I am tring to extract text from a multi-line file. For example I need to extract all text from "Section 1.0" to "Section 3.0"

This can be on many lines.

I have code that works, but seems clumsy and slow. Is there a better way to do this? sed? reg expression?

flag="false"

for line in ${textFile}; 
do
   if [ "$line" == "Section 3.0" ]; then
      flag="false"
   fi
   if [ "$flag" == "true" ]; then
      temp_var+=$line
   fi
   if [ "$line" == "Section 1.0" ]; then
      flag="true"
   fi
done

Answer 1

awk can also be used:

awk '/Section 3\.0/{f=0} f; /Section 1\.0/{f=1}' file

Answer 2

Using sed you can do:

sed -n '/Section 1\.0/,/Section 3\.0/p' file

EDIT: To ignore start and end patterns use:

sed -n '/Section 1\.0/,/Section 3\.0/{/Section [13]\.0/!p;}' file

awk solution:

awk '/Section 1\.0/{flag=0} flag{print} /Section 3\.0/{flag=1}' file

Answer 3

sed -n '/Section 1\.0/,/Section 3\.0/p' file

will print from file all lines between a line matching the first regex anywhere in it through the next line matching the second expression. If there are multiple such matches, they will be printed in flip-flop fashion (look for pattern 1, print through pattern 2, look for pattern 1...)

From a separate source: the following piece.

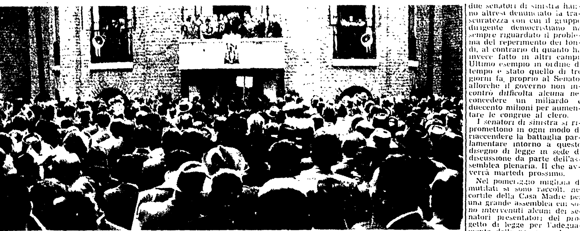
Un aspetto della manifestazione di ieri alla Casa Madre dei mutilati a Roma

Il governo ha respinto la rivalutazione delle pensioni di guerra. La presa di posizione è stata respinta per mattina dal ministro Zoli, in occasione del dibattito, dinanzi alla commissione finanze e tesoro del Senato, della proposta di legge presentata unitariamente dai dc Angelilli e Carelli, dai socialisti Lussu e Mancinelli, dal comunista Falcini e dal ministro Barbaro sin dal 12 febbraio 1954. Dopo oltre due anni di sabotaggio, cioè, i commissari del Senato hanno potuto finalmente affrontare uno dei problemi più sentiti da oltre un milione di italiani, che hanno compiuto più del loro dovere sui campi di battaglia: l'attesa, però, è stata mal ripagata. Il relatore sul progetto di legge — il dc Spagnolli — ha infatti affermato che, pur essendosi precedentemente dichiarato favorevole all'aumento delle pensioni, a ben ripensarci doveva ora ammettere l'impossibilità per l'Erario di reperire i 56 miliardi necessari. Che cosa si può, dunque, fare adesso? — si è chiesto il relatore, fingendo di non

If you want only the first such section, you can quit when you find the end condition:

sed -n '/Section 3\.0/q;/Section 1\.0/,$p' file

This will exclude the line matching the end condition (guessing that's what you actually want). For simplicity, this assumes you have no Section 3.0 before Section 1.0. (Some sed dialects might require slighly different syntax; the semicolon may have to be changed to a newline, or the script split into two separate -e arguments.)